Competing interests: The authors declare no competing interests.

Figures

Fig. 1
Fig. 1. Proteogenomic Landscape of Lung Adenocarcinomas Manifested as Subsolid Nodules.
A Radiological and histological developmental stages from lung preneoplasia to invasive adenocarcinoma (IAC) manifested as subsolid nodules. From left to right, adenocarcinoma in situ (AIS), minimally invasive adenocarcinoma (MIA) and IAC in that order. Each image is representative of 17 AIS, 24 MIA, and 25 IAC. Scale bar, 50 μm. B Histogram showed the multi-platform data and clinical profiles in this study. White gaps in the schematic represent missing data. CE The number of the identified proteins, phosphosites, and glycopeptides per tumor sample and paired normal adjacent tissue (NAT). F A scatter plot showing the number of glycans identified per glycoprotein versus. the number of glycosites identified for that protein. An y = x line is shown in gray to provide an eye guide for proteins that had a particularly high number of glycans relative to the number of glycosites identified. G Distribution of the number of glycosites per glycoprotein identified. H Distribution of the number of different glycans seen at a given glycosite. I The genomic profiles grouped by histologic stages. bottom: clinical profiles of the patients. Mutation types are demonstrated by a bar plot in the right panel. J Mutational burden. Each dot represents the mutational burden in each tumor (p values were calculated by the two-sided Wilcoxon test). (AIS, n = 17; MIA, n = 24, IAC, n = 25). p = 0.31, AIS versus MIA; p = 0.58, MIA versus IAC; p = 0.2, AIS versus IAC. In the box plot, the center line represents the median, and the box bounds represent the inter-quartile range.
Fig. 2
Fig. 2. Connecting Driver Mutations to Proteome, Phosphoproteome, glycoproteome and Pathways.

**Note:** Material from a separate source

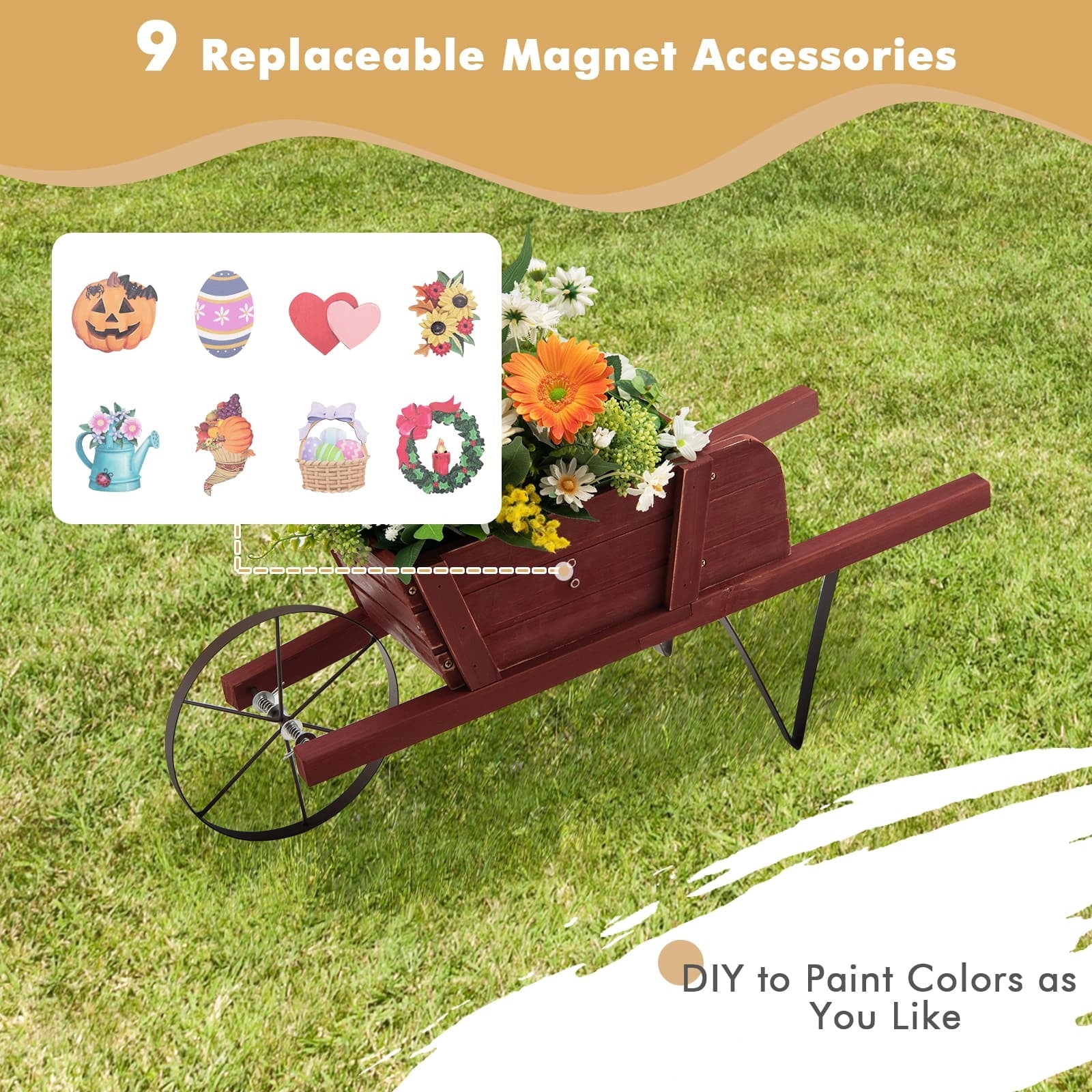Wooden Wagon Planter with 9 Magnetic Accessories for Garden Yard-Red

AC Significant (FDR < 0.05, Wilcoxon rank-sum test) cis and trans effects of selected mutations (x axis) on the expression of cancer-associated proteins (A), phosphorylation (B) and glycosylation (C). (n = 66). D SHP2 phosphorylation levels in the EGFR mutant cell line (PC-9) and EGFR wild type cell lines (A549, NCI-H226, and NCI-H1730). (n = 3). E Box plots showing phosphorylation of PTPN11 Y62 and glycosylation of SUSD2 N494 in EGFR mutant and wild type (WT) samples in the progression from AIS to IAC. A two-sided Wilcoxon rank-sum test was used. (AIS, n = 17; MIA, n = 24, IAC, n = 25). PTPN11 Y62: p = 0.077 (AIS), p = 0.043 (MIA), p = 0.015 (IAC). SUSD2 N494_N75: p = 0.156 (AIS), p = 0.036 (MIA), p = 0.733 (IAC). SUSD2 N494_N31: p = 0.509 (AIS), p = 0.049 (MIA), p = 0.34 (IAC). In the box plot, the center line represents the median, and the box bounds represents the inter-quartile range.
Fig. 3
Fig. 3. Multi-omics Analysis of Lung Adenocarcinomas for Therapeutic Intervention and Early Detection.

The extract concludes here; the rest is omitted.